The feeling of gratitude is mutual; we also can’t thank Ir. Tay enough for sticking with us for so long and for taking the time to talk to us. Rest assured that we had or will implement his helpful suggestions in our software, so that more consultants can benefit!

Ir. Tay is by no means the only helpful client we have had; there are many more who send us comments, suggestions and bug reports from time to time. It’s no exaggeration to say that the foundation of MiTS is built on top of the hundreds of manyears of cumulative engineering experience. We are really humbled and fortunate to have such a group of engineers who grow with us. 

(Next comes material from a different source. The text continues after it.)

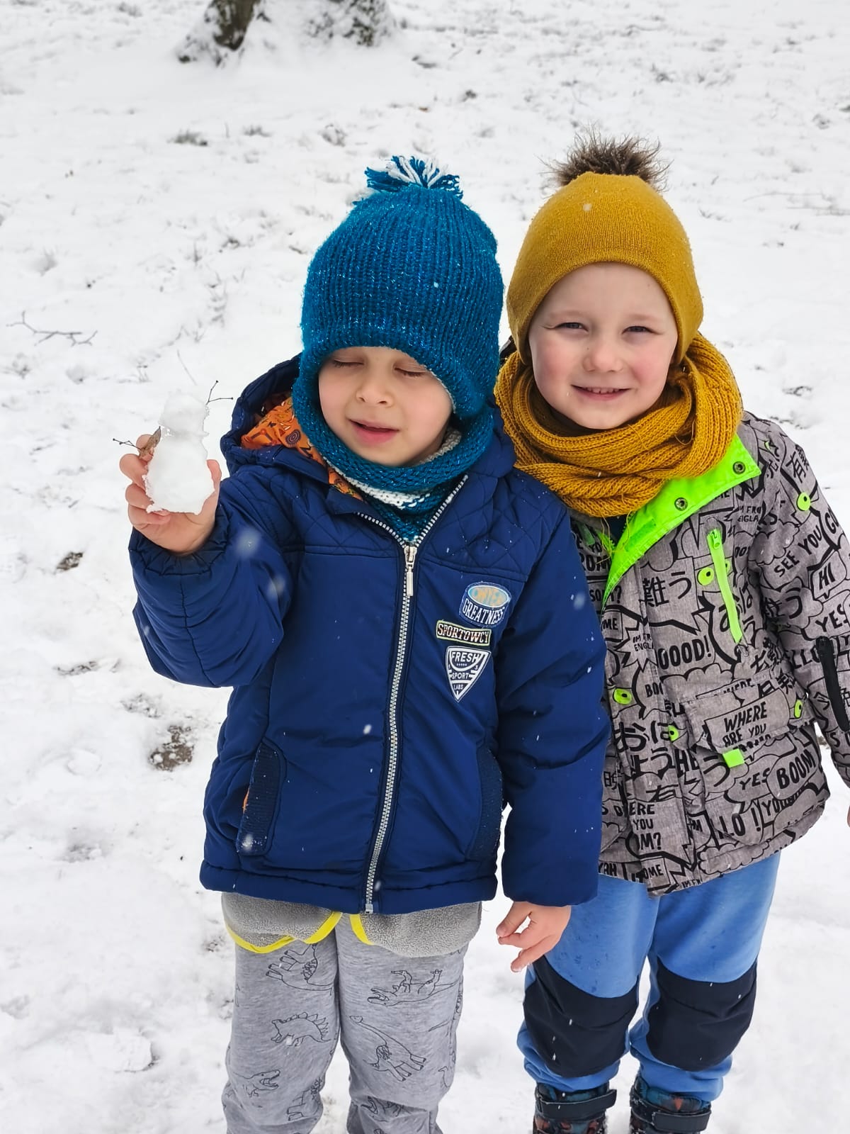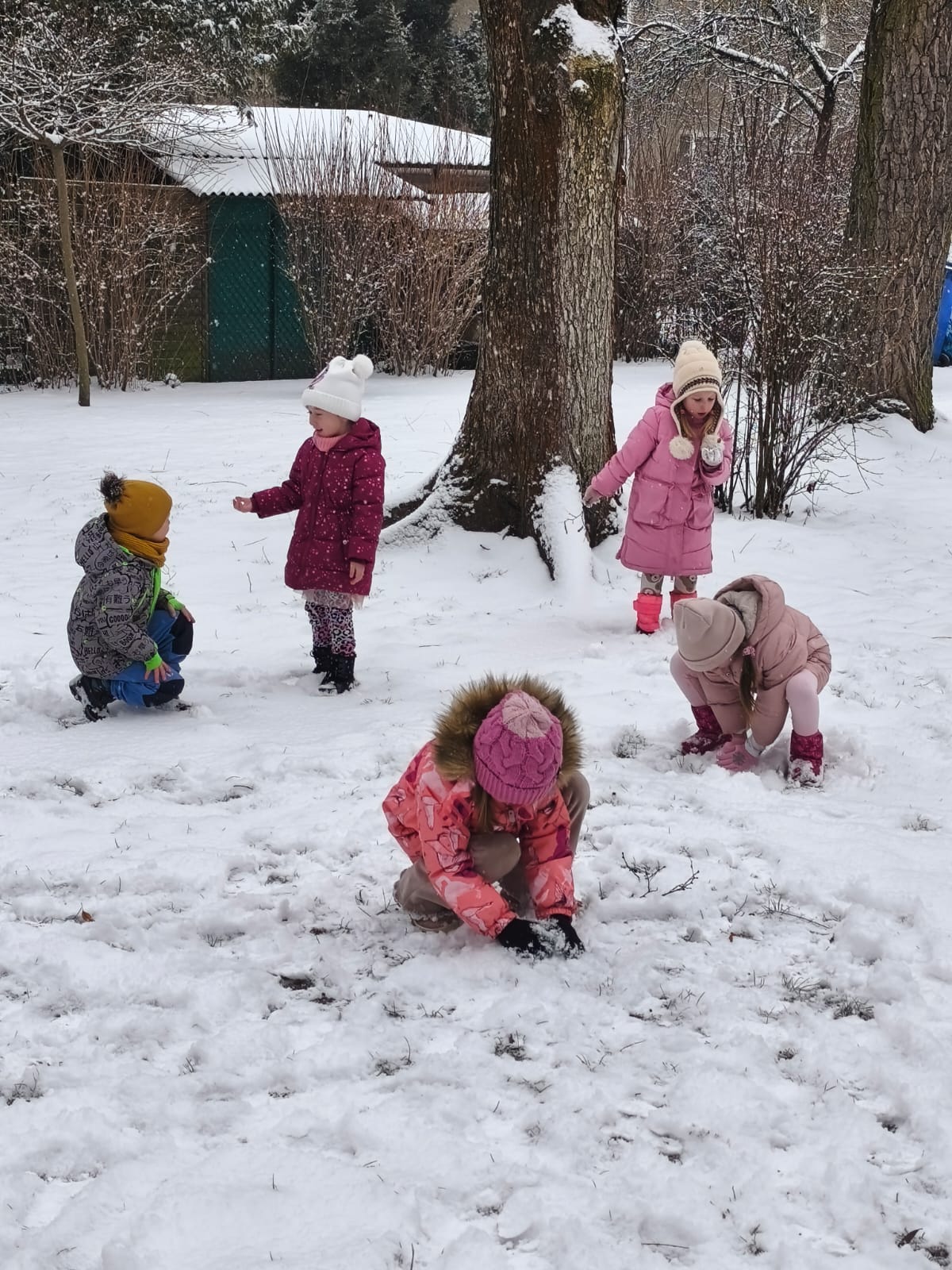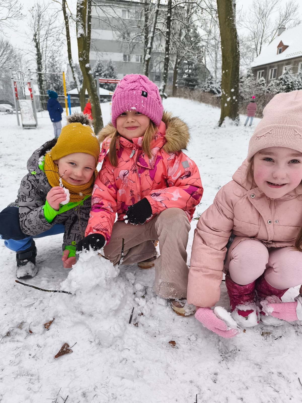Z entuzjazmem lepiły śnieżki, bałwanki i inne śnieżne stworki. Zimowe zabawy wywołały u przedszkolaków mnóstwo radosnych okrzyków. Była to też świetna okazja do rozwijania sprawności ruchowej oraz hartowania organizmu i wzmacniania odporności.

So! Don’t feel despair if your clients or other consultants pooh-pooh your results, because we got your back. At MiTS, we prepare to stand by you and we can get to the bottom of the matter together, so that you can answer your client in a timely and satisfactory manner. We do this not only because we want to provide excellent customer support, not only because we value our relationship and are always looking for the next idea to improve the software, but because we are insatiably curious ( just read about what I wrote at kindlemalaysia.com to know the kind of topics I’m interested in). 

Oh, what about the nameless earthwork software with the result that we disagreed with? What was their response to this episode? We are sorry to report that we really don’t know, because the last time we heard, the project files couldn’t run in the latest version of the software.